# Tivo2 upgrade - Hum on audio now



## grahamg (Aug 18, 2006)

I am pleased to say that I have added a 2nd 250gb drive to my 40gb Tivo. It was very easy to do and works great. Thanks to the guidlines on this Forum.

However I now notice that there is a small, but irritating 60hz main hum on my surround sound system bass speaker which was not there before I added the 2nd drive.

I suspect that the extra hard drive is taxing the power supply and causing the supply to rails have more AC ripple on them than before and that is getting into the Tivo's audio channels.

Is this a known problem, can I add more smoothing capacity somewhere in the Tivo to kill the 60hz hum?

Thanks.


----------



## Seattle (Dec 13, 2001)

Sounds like a ground loop problem. Are all to connections secure? Is the TiVo plugged in to a different outlet?


----------



## litzdog911 (Oct 18, 2002)

How are the Tivo's audio outputs connected to your TV and/or AV Receiver? 

Also, try temporarily disconnecting Tivo's cable/antenna input cable and playing back a recording. Is the hum gone?


----------



## grahamg (Aug 18, 2006)

Thanks for the replies, you are both on the right track. The TIVO,Surround sound amp,50" Plasma share the same AC distribution strip but all use 2 pin connectors. So the inter component ground is via the connecting cables. I did try adding short grounding straps between the components but the reduction in AC hum was marginal.

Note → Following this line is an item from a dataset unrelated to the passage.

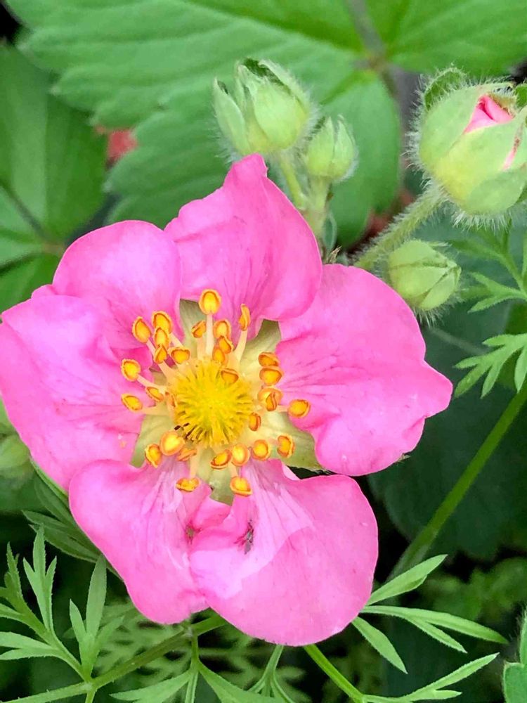 この、いちご🍓の花は、鮮やかなピンクで、食べられないような、ちっちゃないちご🍓がなるんです。

But when I disconnecting the TIVO antenna coax I found that the hum went completely away. I then realised that about 10' away where the coax came into the Condo there is a 2 way RF splitter and an AC wall outlet a few inches away from it. I found that by installing a short grounding strap between the RF splitter case and the AC outlet ground reduced the AC hum by 80%. At normal listening levels the remaining hum disappears in the sound, so I have a fix.

To completely elimate the ground loop causing the hum I need something to pass the coax center pin through and to seperate the outer shield with capacitors, to form an isolator. I dont know I can buy such a thing, I could make one though.

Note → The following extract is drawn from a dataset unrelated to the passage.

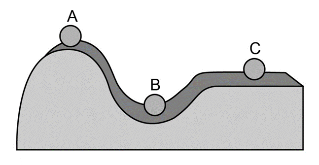 Name the type of equilibrium for each position of the ball in Fig. 9–40.

I then remembered that I have changed something major. I turned in my HD cable box from Charter Communications a few weeks ago. I was tired of paying $100 p/m for view on demand that contained old movies and HD TV channels that pixelated often. We found that TIVOing the normal resolution channels was the most reliable. Also the HD box went through the TIVO's S-video cables so we lost the full HD anyway.

To replace this we signed up for the Blockbuster online DVD rental, best thing we ever did and we save $75 p/m over the Charter HD.

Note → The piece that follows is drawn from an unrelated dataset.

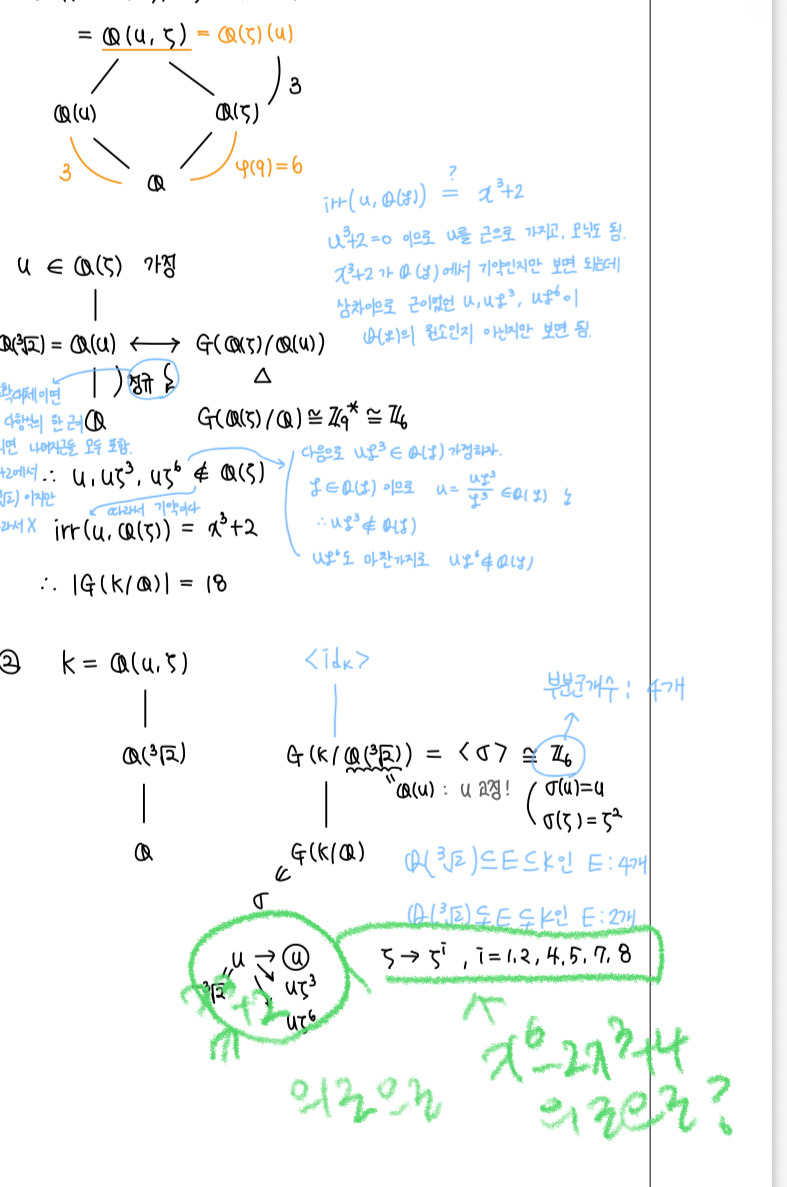 답댓글 작성자수정과 작성시간 25.11.21 지니티 동시에 사용한다는 것이 정확히 어떤 의미이신가요? 정리가 알려주는 내용은 u를 근으로 가지는 다항식 f(x)에 대해 갈루아군의 원소 σ에 대한 σ(u) 또한 f(x)의 근이 됨을 알려주는 정리입니다.

Anyway, originally we were using the cable box to do the decoding and fed the TIVO with S-video and audio. But now we feed the TIVO with RF so there is the big change - and what caused the problem.

Thanks for the suggestions. Off subject I am curious if there is a way to see how much storage capacity the TIVO has left at any time. I know it can store 320hrs now of low resolution. But I can't find anyway of seeing how much space my recordings are taking and how much space is left.

Thanks again.


----------



## IminMs (Sep 10, 2006)

grahamg said:


> Thanks for the suggestions. Off subject I am curious if there is a way to see how much storage capacity the TIVO has left at any time. I know it can store 320hrs now of low resolution. But I can't find anyway of seeing how much space my recordings are taking and how much space is left.


There is no menuselection to see how much disk space is left. You can estimate the amount used by looking at how many movie/shows you have saved. Also add in the amount of the shows in the "ToDo" list. As you schedule a recording, it reserves that much space for it.


----------



## grahamg (Aug 18, 2006)

Thanks, I can understand that, I am using best quality for everything right now, I can check with Tivo Desktop to see how much each 1/2 hour takes and estimate the space. It just seems a bit basic though. I was hoping for some hidden remote control function or something. Anyway thanks.


----------



## luder (Sep 7, 2006)

I experience something like that but, it's not really noticeable .. I don't know how i can explain what i'm hearing so i will try to record it upload it here soon.. I hear it when i have my ear right up to the front speakers of my surround sound.. i'l post soon the sound


----------